Les individus qui composent une société primitive se ressemblent beaucoup. Ayant vécu dans une longue intimité les uns avec les autres, mais avec personne du dehors, ils en sont venus à créer un type biologique unique. On a observé et étudié cette similitude des caractères somatiques chez les groupements locaux de type consanguin. Etant donné que leurs membres n'ont de relations qu'entre eux, les façons apprises de faire et de penser d'un homme sont les mêmes que celles de n'importe quel autre. Autrement dit, dans la société primitive idéale, ce qu'un homme connaît et croit est identique à ce que connaissent et croient tous les autres hommes. Leurs coutumes comme leurs habitudes sont les mêmes. Evidemment, dans la vie réelle les différences entre les membres d'une société primitive, de même que les diverses occasions d'acquérir de l'expérience, font que cet état de choses théoriquement conçu ne se matérialise pas. Il serre toutefois d'assez près la réalité pour que celui qui étudie la société primitive telle qu'elle existe vraiment, puisse la décrire assez bien en sachant ce qui se passe dans l'esprit d'un petit nombre de ses membres et un groupe primitif a été décrit, à grands traits naturellement, d'après ce qu'on connaissait d'un seul de ses membres.
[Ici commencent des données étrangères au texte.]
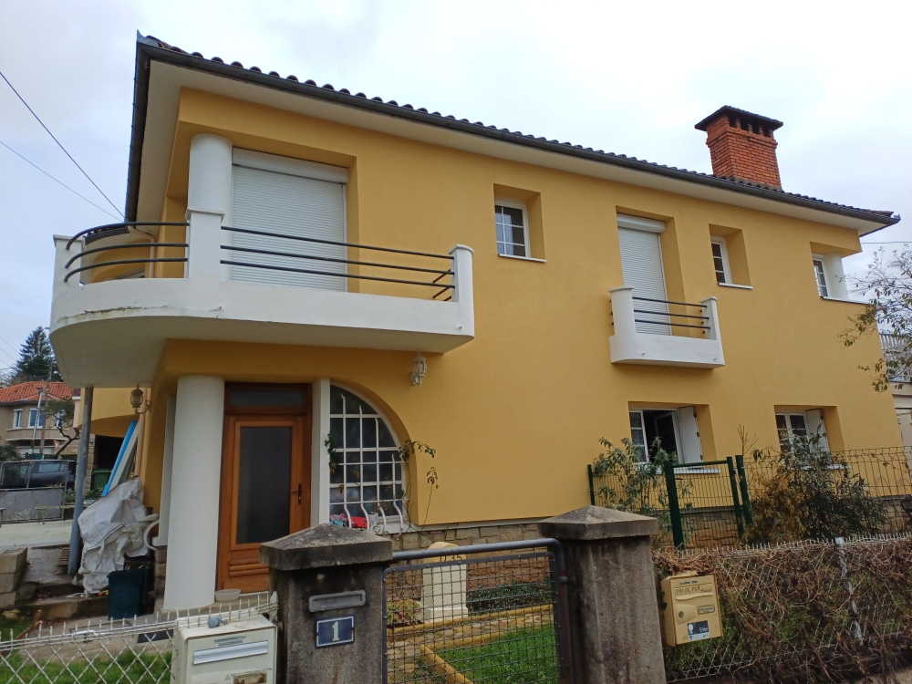Maison sur sous sol avec garage et entrée indépendante. Maison récemment restaurée : Isolation par l'extérieur, Pompe à chaleur, Chauffeau thermodynamique, Climatisation. 1 er niveau : séjour, cuisine ouverte, salon, salle d'eau, 3 chambres. Grande terrasse 31 m2 donnant sur jardin clos avec cabanon 20 m2. Au RDC : Appartement T2 de 47 m2 avec jardin loué 327 euros. Cellier 8 m2. Renouvellement des diagnostiques en cours suite aux travaux. raccordement au tout à l'égout. Prise extérieur recharge électrique. Très proche des commodités et du parc Capel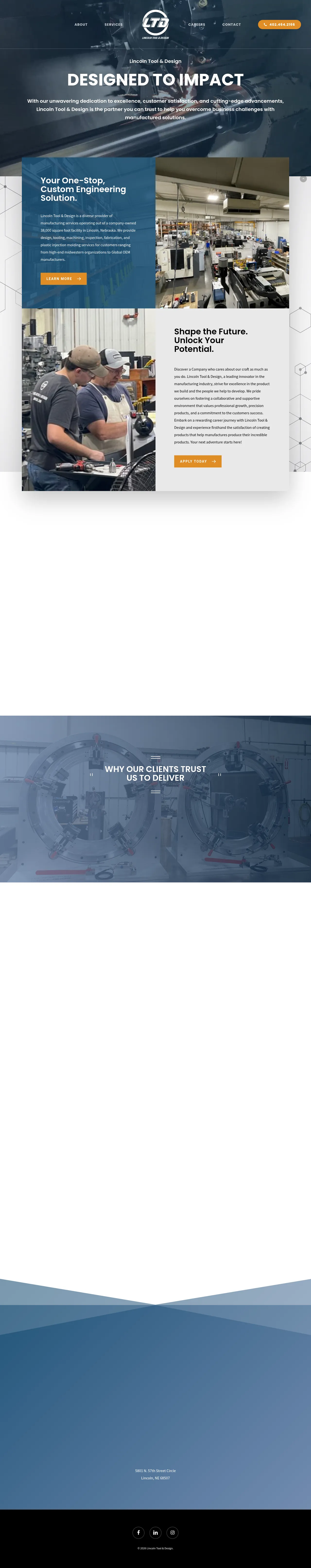 Lincoln Tool and Design provides precision machining and plastic injection molding services, along with mold design, tooling and secondary assembly operations. The company designs and manufactures molds and custom tooling, supports production runs and inspection, and delivers turnkey custom machines and fixtures. Their capabilities include CNC machining, grinding, metal stamping die work and robotic welding fixtures to support prototyping through volume production.

On découvre aussi la même ressemblance entre les membres de la société primitive d'une génération à l'autre. Les anciens s'aperçoivent que les jeunes, à mesure qu'ils grandissent, agissent exactement comme eux le faisaient au même âge et selon ce qu'eux-mêmes en sont venus à considérer comme juste et bon. Cela revient à dire que dans une société de ce genre les choses ne changent guère.
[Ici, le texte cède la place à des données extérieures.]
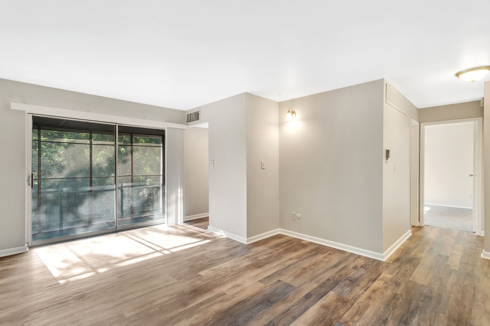 • Stunning laminate flooring in the living space. Wall-to-wall carpeting in the bedroom.

Les membres d'une société primitive ont un fort sentiment de solidarité. Ce groupe, qu'un étranger définira comme étant composé d'êtres semblables, différant des membres d'un autre groupe, est aussi composé d'individus conscients de leurs ressemblances et qui, de ce fait, se sentent unis. Etant donné qu'ils communiquent intimement entre eux, chacun a un droit strict à la sympathie des autres. En outre, partant de ce qu'ils connaissent des sociétés autres que la leur, ils font valoir ce qui crée entre eux des ressemblances et ils s'apprécient par comparaison aux autres. Ils se désignent par "nous" ; tous les autres par "eux" [14].
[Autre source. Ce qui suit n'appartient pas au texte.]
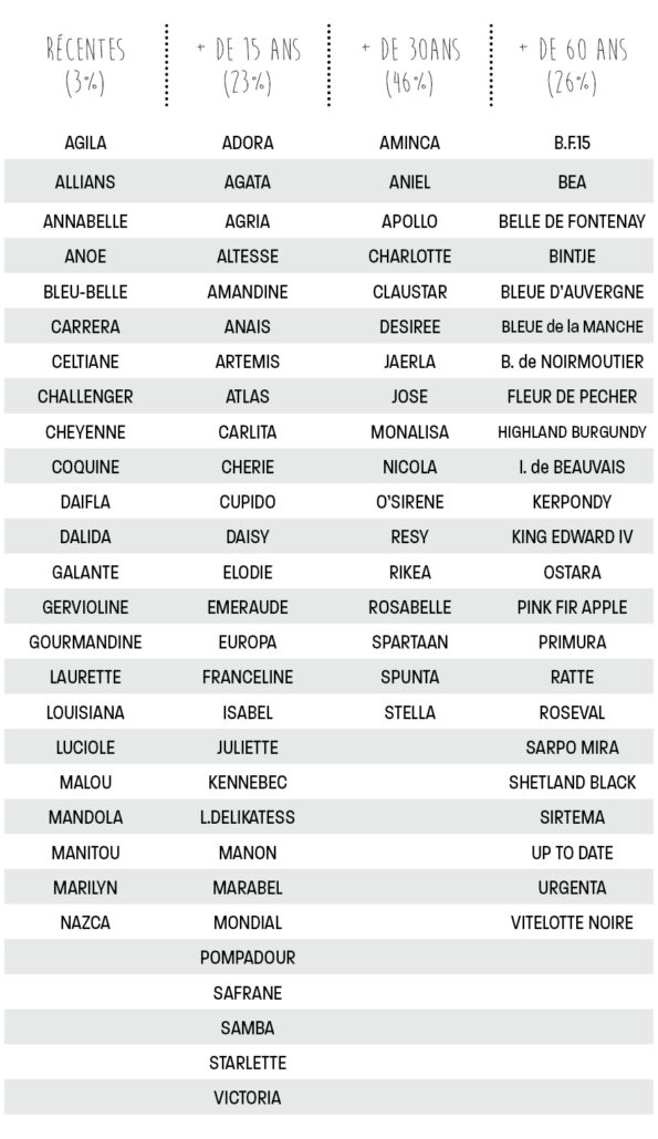 Quel âge ont les variétés de pommes de terre ?

Nous pouvons donc définir la société primitive comme étant restreinte, isolée, illettrée, homogène et aussi comme possédant un fort esprit de solidarité. Ne sommes-nous pas bien près d'admettre la simplicité de la technologie dans la [65] société primitive ? Il y aurait certainement quelque chose à dire au sujet des outils et de leur fabrication dans cette société primitive. Mais il n'est pas facile de définir le mot "simple" par rapport à la technologie, laquelle mettra en lumière les faits tels que les révèle l'observation des sociétés primitives. La précision avec laquelle tel outil, choisi parmi un grand nombre, répond aux besoins de l’Esquimau, par exemple, nous fait hésiter à employer le mot "simple". Certains énoncés négatifs semblent être dignes de crédit. Les outils secondaires et tertiaires - les outils servant à fabriquer d'autres outils - sont assez rares comparativement aux outils primaires. Il n'était pas alors question de produits ouvrés fabriqués en série et rapidement, par des machines. On ne recourait que peu ou pas aux forces de la nature.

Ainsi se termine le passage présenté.